It gets particularly bad in the case of non-working code. Say you've checked-out a file, and started working toward a goal, but half-way there you realize that the direction you're going is harder than you thought. You start wondering if it might be simpler to have gone in a different direction. What you personally would like to do at this point is to check in the current, broken version, so that you can try a different way without losing what you've done. In many work environments, though, that would be a major no-no ("Don't break the build!").

One solution would be to have two different version control systems running in parallel.

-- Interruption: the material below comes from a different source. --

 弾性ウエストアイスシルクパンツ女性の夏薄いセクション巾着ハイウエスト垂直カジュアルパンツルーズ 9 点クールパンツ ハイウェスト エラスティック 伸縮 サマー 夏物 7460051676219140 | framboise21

You use your "personal" system for fine-grained changes, but periodically do check-ins to the central repository when you're ready to give something to the group.

Check the section of the emacs manual called: "Local Version Control", which explains in detail how to use RCS for personal version control in a group that's using CVS. There are vc.el commands to let you toggle the backend that is currently in use.

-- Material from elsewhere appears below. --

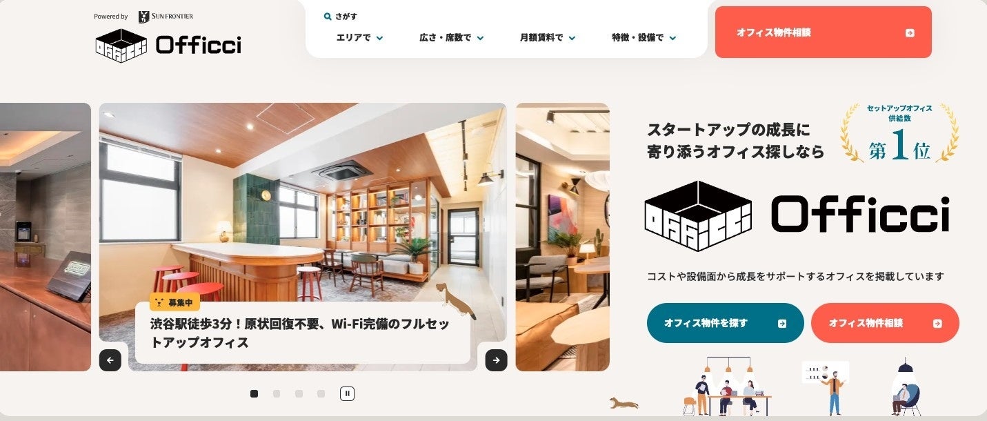 サンフロンティア不動産株式会社(本社:東京都千代田区、代表取締役社長:齋藤 清一、以下「当社」)は、スタートアップ企業向けのオフィス物件情報サイト「Officci(オフィッチ)」を2024年12月2日にプレオープンしました。2025年1月8日のグランドオープンに先駆け、スタートアップ企業の皆様におすすめのオフィス物件検索サービスをご提供しています。

And -- as is increasingly likely these days -- if your group is using something besides CVS, it could be that vc.el won't know anything about it. In that case you can just use vc.el to talk to RCS, and most likely you'll have an entirely separate command set for public check-ins.

The pain of using RCS (if you're not using emacs)

The vc.el package starts looking really impressive when you decide to try and do something with command-line RCS. Suddenly, DWIM is gone out the window, and you're back in the usual world of clunky things that make sense only after extensive study.

Suppose you want to know how to check-in a bunch of files from the command line. I don't see any features in vc.el to let you add an entire directory to RCS in one shot (though there could be something buried in vc-dired that I'm missing). Now I could easily write keystroke macros to crunch through a dired buffer doing "C-x v v" on each file, but the command-line approach would seem to be the Right Way. So off we go into the man page fandango.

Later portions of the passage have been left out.